Testing

Now that we have implemented a predication, it is important to understand how to test it. In a Perplexity application, it is very easy to enhance a predication to support one scenario and break others that used to work. So, to keep the system working well and avoid functionality regressions, you should always write at least simple functionality tests for phrases once they work.

Since the interface to a Perplexity system is textual user input, and the output is also text, the built-in Perplexity test functionality just records the output that you expect for a given phrase when it is working properly. Then, you can run the test again when you’ve changed something and it will tell you if the expected output has changed.

Recording a test

You can see all the commands (even beyond testing) that Perplexity supports by typing “/help”:

? /help

Commands start with /:

****** General ******
/help Get list of commands -> e.g. /help
/r Repeat the last phrase -> e.g. /r
/s Repeat the last system command (i.e. the /command) -> e.g. /s
/new Calls the passed function to get the new state to use -> e.g. /new examples.Example18_reset
/reset Resets to the initial state -> e.g. /reset
/save Saves the current world state to the ./data/default directory. If given a path, saves to that path instead. -> e.g. /save
/load Loads the current world state from the ./data/default directory. If given a path, loads from that path instead. -> e.g. /load
/timeout Sets timeout time for a given phrase -> e.g. /timeout or /timeout 20

****** Parsing ******
/show Shows tracing information from last command.
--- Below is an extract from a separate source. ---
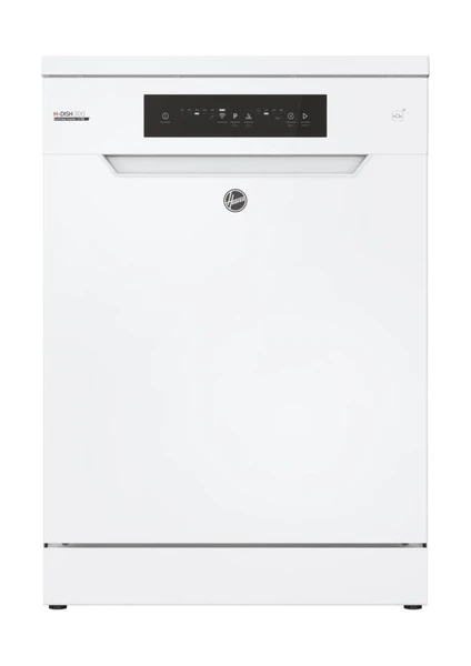 Bu, beyaz renkli, bağımsız bir Hoover bulaşık makinesidir. HF 3C7L0W-80 model numaralı bu bulaşık makinesi, 13 kişilik yemek takımı kapasitesine sahiptir. Çeşitli simgeler içeren bir kontrol paneli bulunmaktadır; bu da birden fazla yıkama programı ve muhtemelen Wi-Fi bağlantısı olduğunu göstermektedir.

Add 'all' to see all interpretations, 1 to see only first scope-resolved MRSs -> e.g. /show or /show all or /show all, 1
/soln Retrieves all solutions when parsing so they can be shown with /show. Add 'all' to see all solutions, anything else toggles the current setting -> e.g. /soln or /soln all
/genall Generates all parses (normally only the first 5 are generated) -> e.g. /genall 1 OR /genall True
/runall Runs all parses, doesn't stop after success -> e.g. /runall 1 OR /runall True
/runparse Only runs the identified parse index and optional scope-resolved MRS index. Pass no arguments to turn off -> e.g. /runparse 1 OR /runparse 1, 0
/debugtree Shows tracing information about the scope-resolved MRS. give a predication query after to only show scope-resolved MRSs that match it. Use '_' to mean 'anything' for an argument or the predication name -> e.g. /debugtree OR /debugtree which(x,h,h) OR /debugtree _(e,x,_,h)
/debugmrs Shows tracing information about the mrs -> e.g. /debugmrs
/findmrs ? -> e.g. /findmrs

****** Testing ******
/recordtest Starts recording a test. Finish with /createtest or /appendtest -> e.g. /record
/createtest Creates a test using name you specify based on the interactions recorded by /record -> e.g. /createtest Foo
/appendtest Appends the interactions recorded by /record to an existing test -> e.g. /appendtest Foo
/runtest Runs a test -> e.g. /runtest subdirectory/foo
/resolvetests Resolves all the test results stored in 'testresults.txt' -> e.g. /resolvetests
/logtests Logs test results to the file 'testresults.txt' -> e.g. /logtests true
/runfolder Runs all tests in a directory or directories. use '.' to run folders in the root -> e.g. /runfolder foldername or /runfolder a, b, c
/resume Resume running the last test (or sequence of tests in a folder) at the last reset before it was stopped -> e.g. /resume

Let’s start by recording a test using the /recordtest command and by running the code we’ve done so far:

? /recordtest
Recording is now True

? a file is large
Yes, that is true.
Recorded (1 items).

? which file is large?
(File(name=/Desktop/file2.txt, size=10000000),)
Recorded (1 items).

You can see that the system is recording each interaction by the text Recorded (1 items). at the end of the interaction. Perplexity will keep gathering all the commands until you are done. Then you can create a test like this:

? /createtest test1
Created test 'test1'
Recording is now off

This creates a test called “test1” and stops recording. Tests are simply JSON files that are stored in /perplexity/tests. If you open the file, you’ll see:

{
    "WorldName": "SimplestFileSystemStateExample",
    "TestItems": [
        {
            "Command": "a file is large",
            "Expected": "Yes, that is true.",
            "Tree": "_a_q(x3,_file_n_of(x3,i8),_large_a_1(e2,x3))",
            "Enabled": true,
            "ID": "aa9b1bbc-1939-4065-bd80-5b8aeb922076"
        },
        {
            "Command": "which file is large?",
            "Expected": "(File(name=/Desktop/file2.txt, size=10000000),)",
            "Tree": "_which_q(x3,_file_n_of(x3,i8),_large_a_1(e2,x3))",
            "Enabled": true,
            "ID": "a75503d7-fc49-4369-9cc8-bb159afc2d29"
        }
    ]
}

The system is simply recording the input, output, the scope-resolved MRS that was used, and an ID. There is also an “Enabled” field that you can set to “false” if you want a particular test to be ignored.

To run the test:

? /runtest test1
**** Running test: /Users/ericzinda/Enlistments/Perplexity/perplexity/tests/test1.tst...


**** Begin Testing...

**** Writing LastTest: /Users/ericzinda/Enlistments/Perplexity/perplexity/tests/test1.tst...


Test: a file is large
Yes, that is true.

Test: which file is large?
(File(name=/Desktop/file2.txt, size=10000000),)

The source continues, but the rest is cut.